Rytmus velkoměsta (The Rhythm of the City), the second concert in the series, showed musicians seated in the restaurant garden of the Grandhotel Brno, where they performed Martin Burlas’ Amnesia (2012). Martin Svobodník took on the role of director, screenwriter and camera operator. The loud, succinct, strictly rhythmical, clamorous and sometimes even cacophonous (in a good way!) Amnesia forced the artist to go out and about with the video – amidst people, tramways and buildings. The hotel became a mere backdrop, instead the city became the focus of the event. A likely inspiration was the cinematic visionary Dziga Vertov, most notably his masterpiece Muž s kino aparátem (Man with a Movie Camera) (as interpreted by the composer Michael Nyman). Although Burlat’s short film, at just five and a half minutes, does not offer much visual variation (partly due to its inherent minimalism), Svobodník still created an audio-visual montage of merit. The production of the music was suitably abrasive and uncompromising, with plaudits going to the exemplary brass section and the slow glissandos of the strings, undercutting the rhythmical interjections of the trombones, French horns and percussion, reminiscent of distant sirens over the ever-present ambient noise of the city streets.

The bright spaces of the glass atrium of the Barceló Hotel became the venue for the third evening. The concert entitled Paralelní světy (Parallel Worlds) presented a composition by Michal Wróblewski Herzmerz (2019), directed again by Anna Babjárová, with cellist Katarína Madariová as the star. The visuals had moved on, becoming more imaginative and some camera angles were quite striking. A memorable moment involved a disturbing shadowy corridor, with the camera tracking backwards from narrow framing of Katarina Madariová at the end. The work itself lent space to individual instruments, and some aspects took on an almost dialogue-like quality.
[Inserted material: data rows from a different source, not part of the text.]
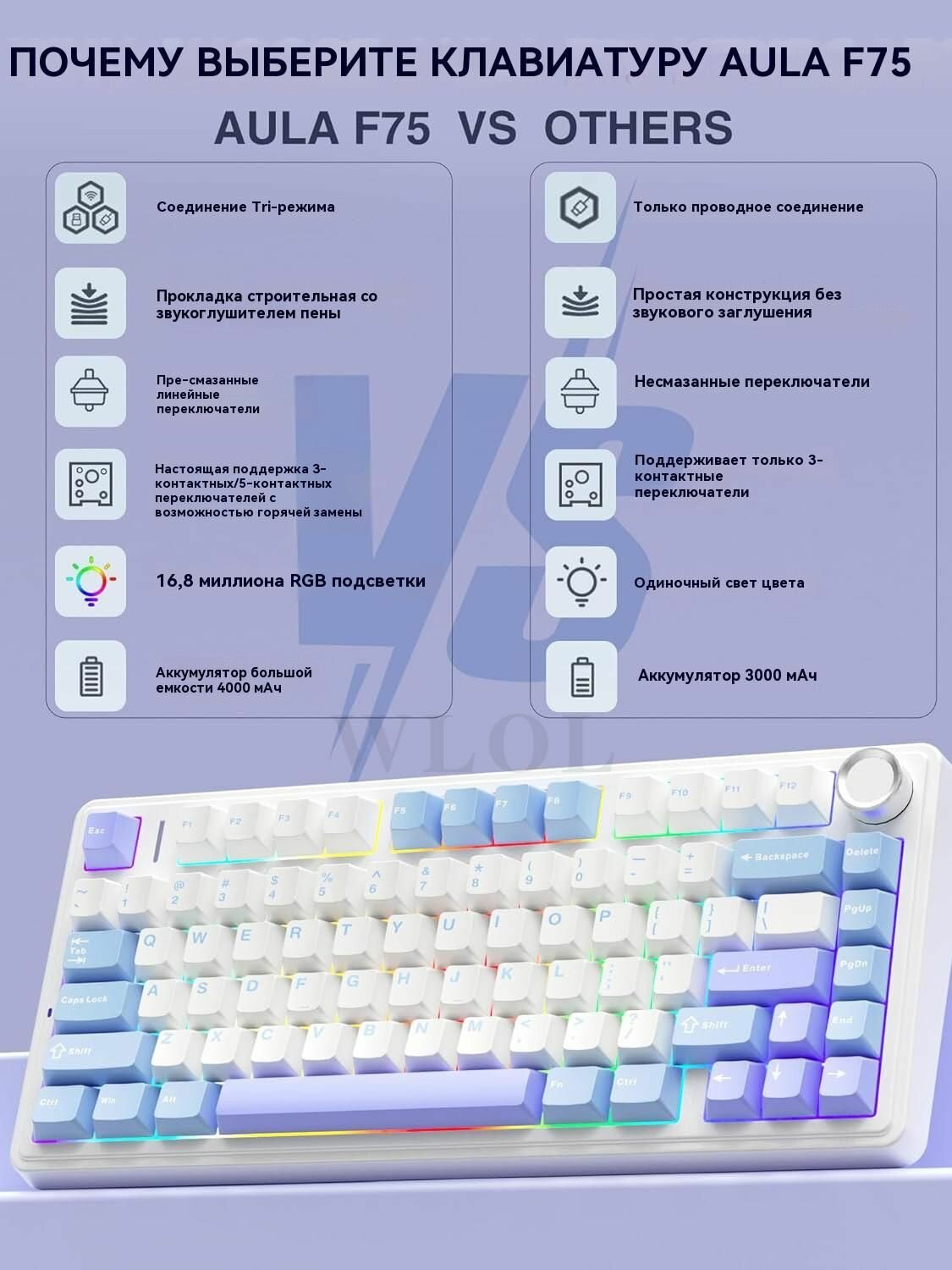 Ниже Вы можете прочитать отзывы на Беспроводная механическая клавиатура Aula F75, 75%, Bluetooth 5.0, 2.4Ghz, USB Type-C, Английская раскладка, ознакомится с подробными характеристиками, посмотреть интересные обзоры и фотографии на Беспроводная механическая клавиатура Aula F75, 75%, Bluetooth 5.0, 2.4Ghz, USB Type-C, Английская раскладка.
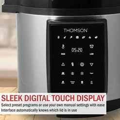 - MULTI-PURPOSE: All you need in one. The Thompson multi-use pressure cooker is also an air fryer, pressure cooker, slow cooker, rice cooker, steamer, yoghurt maker and warmer. There are two separate cooking lids. One is a classic pressure cooker lid that has an adjustable release valve, as well as a button that prevents prematurely opening the lid. The second is an air frying lid, that is packed with 1500 watts of power. This lid uses cyclonic heating techniques to cook your food on all sides at once.
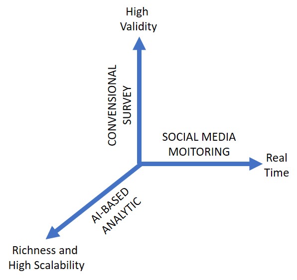 Dari pengalaman bergelut lebih dari 25 tahun di industri riset dan melihat trend yang sedang berkembang saat ini saya berhipotesa bahwa memang perlu ada pendekatan riset yang baru yakni dengan cara menggambungkan tiga pendekatan sekaligus yaitu survei konvensional, monitoring digital, dan kecerdasan buatan (AI).
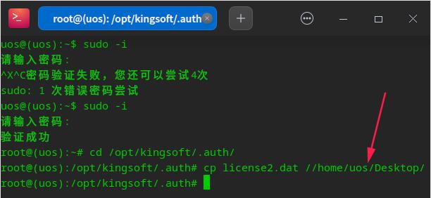 继续输入:cp license2.dat //home/uos/Desktop/(复制 license2.dat 到桌面)

The entrance of soloist Lukáš Miko – predatory, powerful, relentless and, most importantly, urgent – was a real highlight. Soon afterwards, the flute of Michal Vojáček somewhat softened proceedings. This nicely illustrates the contrasting dynamics of Herzmerz as a composition – on the one hand, coarse and aggressive, on the other, mysteriously lyrical and cathartic.

Láska z paláce (Love from the Palace; referring to Padowetz Palace Hotel Brno) under the direction of Sára Sliwková was definitely one of the greatest surprises of the Please, do not disturb series. The melodic, salon-like and playful arias of Leo Fall’s operettas were clearly evident under her direction, despite the modern edge lent by Mario Buzzi. However, I do not think any the less of it in any way. The director transformed the concert into a welcoming, joyful form of entertainment, which invited the audience in to the dancers’ circle, breaking down the barriers of being a mere spectator and making them part of the ensemble. The natural, comprehensible, bright, kind and emotional expression of the baritone Tomáš Krejča lifted this meeting of musical minds to a higher level of chamber performance.

While online concerts performing modern artificial music are often (quite rightly) looked down upon, the Brno Contemporary Orchestra has shown that even under challenging circumstances in the wider world, interesting and unique performance is possible to transcend the mundane. The opportunity to elude the snares currently affecting concerts and culture may still be some way off, so perhaps there’s nothing else for it but to hope that similarly inventive projects are forthcoming on a much larger scale.